BEGIN SUPPLIED RECORDS
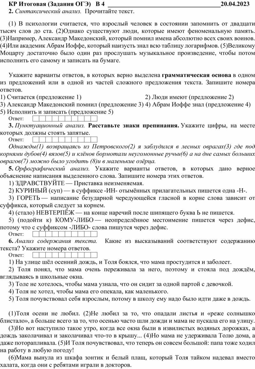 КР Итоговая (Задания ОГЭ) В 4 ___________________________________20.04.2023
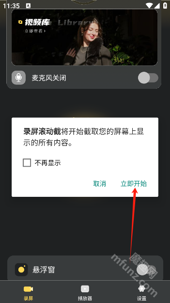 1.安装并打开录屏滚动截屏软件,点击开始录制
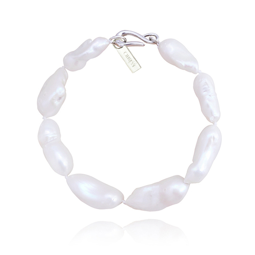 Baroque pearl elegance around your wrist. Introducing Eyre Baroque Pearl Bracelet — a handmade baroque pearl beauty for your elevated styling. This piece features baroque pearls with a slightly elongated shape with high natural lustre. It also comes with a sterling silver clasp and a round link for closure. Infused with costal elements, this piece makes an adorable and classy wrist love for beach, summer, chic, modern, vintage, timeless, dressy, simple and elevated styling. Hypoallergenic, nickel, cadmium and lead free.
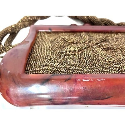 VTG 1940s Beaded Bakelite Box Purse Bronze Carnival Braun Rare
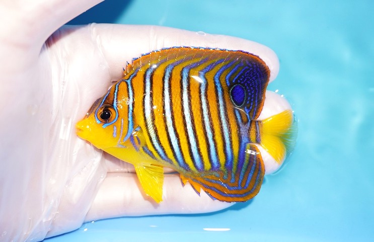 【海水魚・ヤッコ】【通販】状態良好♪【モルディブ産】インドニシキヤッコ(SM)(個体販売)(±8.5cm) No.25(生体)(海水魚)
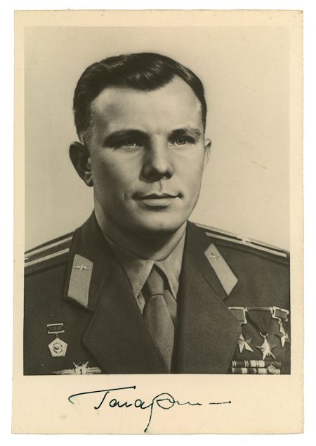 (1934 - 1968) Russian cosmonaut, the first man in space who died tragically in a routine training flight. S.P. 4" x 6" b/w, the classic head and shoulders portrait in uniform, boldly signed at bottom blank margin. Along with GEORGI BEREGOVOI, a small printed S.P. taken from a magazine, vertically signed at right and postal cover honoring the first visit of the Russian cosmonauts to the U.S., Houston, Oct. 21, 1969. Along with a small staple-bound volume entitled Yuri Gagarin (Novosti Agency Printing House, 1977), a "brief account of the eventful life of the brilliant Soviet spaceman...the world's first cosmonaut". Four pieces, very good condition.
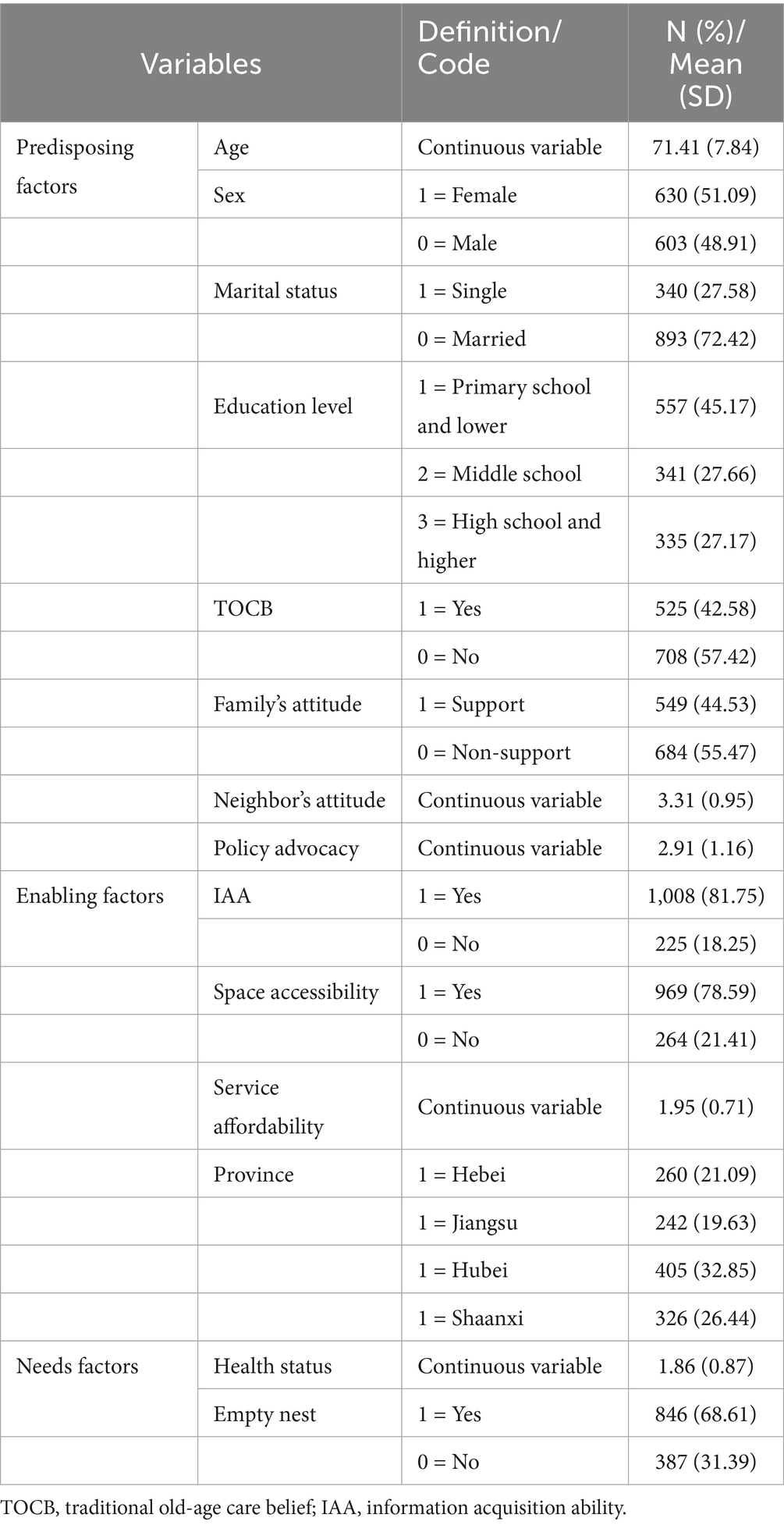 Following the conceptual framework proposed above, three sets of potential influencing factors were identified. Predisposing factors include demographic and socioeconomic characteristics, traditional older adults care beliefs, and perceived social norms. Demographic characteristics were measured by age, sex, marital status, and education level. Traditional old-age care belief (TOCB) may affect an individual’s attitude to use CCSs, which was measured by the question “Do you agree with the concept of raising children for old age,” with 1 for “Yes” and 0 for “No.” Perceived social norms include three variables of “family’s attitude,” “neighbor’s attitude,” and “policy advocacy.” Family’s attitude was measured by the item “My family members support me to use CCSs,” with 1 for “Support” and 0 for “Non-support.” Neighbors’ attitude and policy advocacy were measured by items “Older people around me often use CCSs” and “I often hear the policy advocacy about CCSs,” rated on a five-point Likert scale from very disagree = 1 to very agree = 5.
END SUPPLIED RECORDS
◆ **TASK GOAL**
Each line from the first line of the records through the line containing "1.安装并打开录屏滚动截屏软件,点击开始录制" must be reproduced exactly, with both ends included and all pictures omitted; nothing else belongs in the answer.

◆ **TASK RESPONSE**
 КР Итоговая (Задания ОГЭ) В 4 ___________________________________20.04.2023
 1.安装并打开录屏滚动截屏软件,点击开始录制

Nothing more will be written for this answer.